Więziony Mehdi Akbari pisze o żalu po śmierci jedynego syna: "Noszę w sobi żal jak stłumiony krzyk"

Iran · Opublikowano
27

Chrześcijański konwertyta Mehdi Akbari napisał w liście przemyconym z więzienia Evin o swoim żalu po stracie jedynego dziecka Amira-Ali w 2021 r. W liście, który po raz pierwszy pojawił się w mediach 7 lipca, Mehdi mówi, że nosi w sobie żal "jak stłumiony płacz i niewyrażony smutek". Amir-Ali, który cierpiał na porażenie mózgowe, zmarł w wieku 18 lat w ośrodku opiekuńczym, w którym mieszkał od czasu uwięzienia ojca w czerwcu 2020 roku.

Mehdi był samotnym rodzicem swojego syna, którego śmierć była podobno spowodowana komplikacjami po operacji. Mehdi został poinformowany, że Amir-Ali zmarł, ale władze więzienia nie pozwoliły mu uczestniczyć w pogrzebie. W swoim liście Mehdi pisze o ostatnich chwilach spędzonych z synem, którego ostatecznie pozwolono mu odwiedzić dwa miesiące przed śmiercią "po napisaniu dziesiątek listów". "Kiedy Amir-Ali zobaczył mnie w kajdankach i więziennym ubraniu, upewnił się, że go nie opuściłem, nawet w takich warunkach" - pisze. "To było tak, jakby mój syn znosił swoją bolesną chorobę tylko trochę dłużej, abyśmy mieli ostatnią szansę na spotkanie, choć w więziennych ubraniach i w obecności funkcjonariuszy.

Ze względu na nakaz sądowy musiałem wrócić do celi, ale uważam, że najlepszym momentem w moim życiu był ostatni raz, kiedy przytuliłem mojego Amira-Ali". "Dwa miesiące później Amir-Ali zmarł. Opłakiwałem jego stratę w więzieniu i zmagałem się z wyrzutami sumienia, że nie byłem przy jego łóżku w jego ostatnich chwilach. Władze więzienia nie zgodziły się na krótki urlop, abym mógł uczestniczyć w pogrzebie Amira-Alego. Dopiero kilka dni później zostałem wysłany na dziesięciodniową przepustkę".

W liście Mehdi opisuje również trudności, z jakimi borykał się od czasu aresztowania w 2019 r., w tym miesiąc w izolatce, odmowę dostępu do prawnika i skazanie w pięciominutowym procesie sądowym. Pisze, że nawet po trzech latach spędzonych w teherańskim więzieniu Evin nadal nie jest w stanie zrozumieć, w jaki sposób członkostwo w kościele domowym może być postrzegane jako "działanie przeciwko bezpieczeństwu narodowemu", na podstawie którego został skazany w 2020 r. na dziesięć lat pozbawienia wolności.

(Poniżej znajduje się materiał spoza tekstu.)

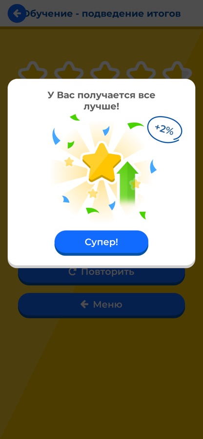 * Приложение подбирает интенсивность обучения, концентрируясь на действиях, которые вызывают больше всего затруднений.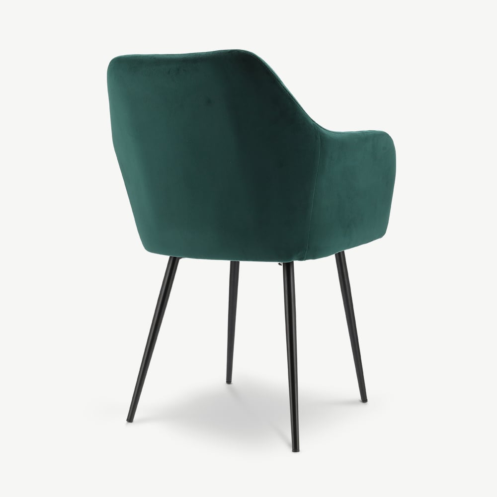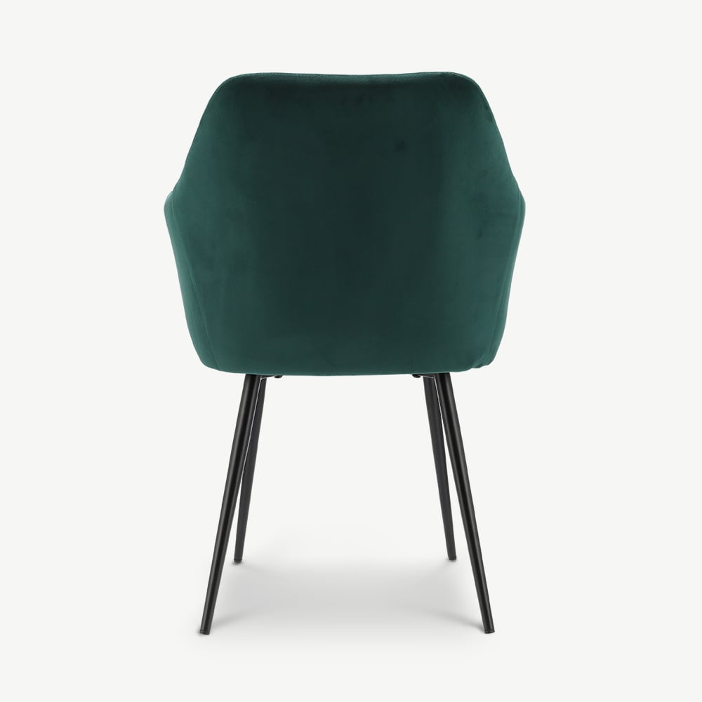 Brando Green Velvet Ribbed Dining Armchair with Black Metal Legs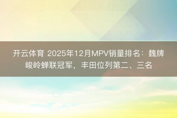 开云体育 2025年12月MPV销量排名:魏牌峻岭蝉联冠军,丰田位列第二、三名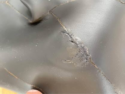 One nail/ finger rip on the top of left leg, professional repaired , see two photos.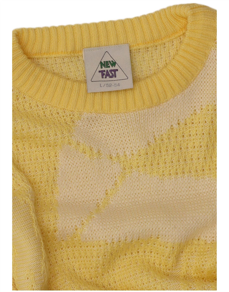 NYHURtig Dame Boat Neck Jumper Sweater UK 16 Stor Gul Geometrisk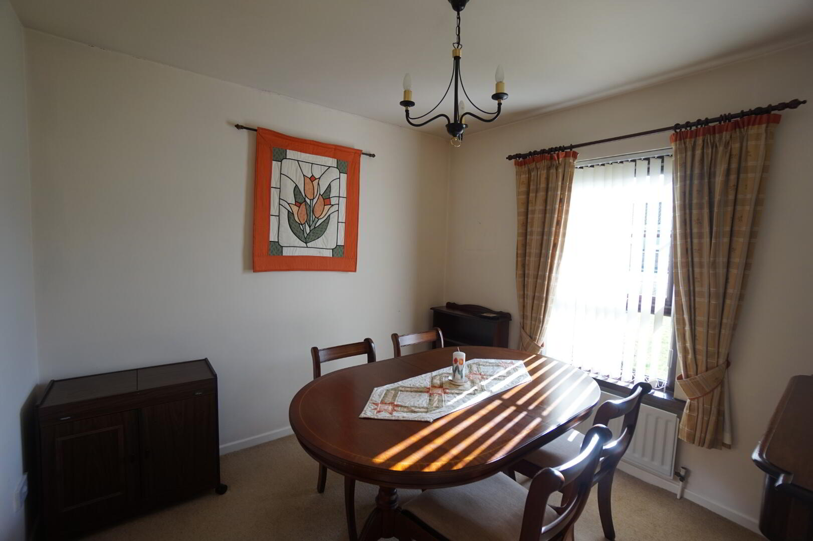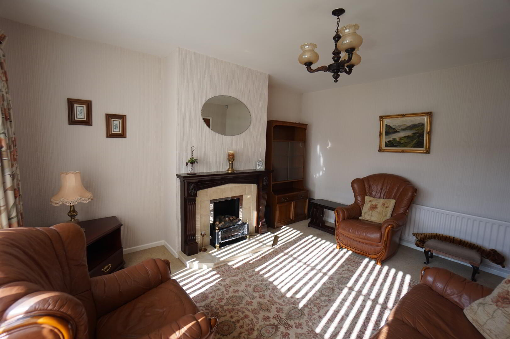 3.58m x 3.85m (11' 9" x 12' 8") Feature fireplace with mahogany surround, tiled inset and hearth, single panel radiator.

"Czy oddawanie czci Bogu jest takim przestępstwem?" - pyta Mehdi...

Chwalmy Boga za wytrwałą wierność Mehdiego pomimo otaczających go bolesnych okoliczności. Pamiętajmy w swoich modlitwach o tym drogim naszym bracie, prosząc, aby nieustannie otrzymywał on wzmocnienie i pokrzepienie serca, umysłu i ciała. Módlmy się, aby Bóg nadal potężnie działał w całym Iranie, prowadząc wielu do wiary w Chrystusa – w tym również urzędników rządowych, sędziów czy strażników więziennych.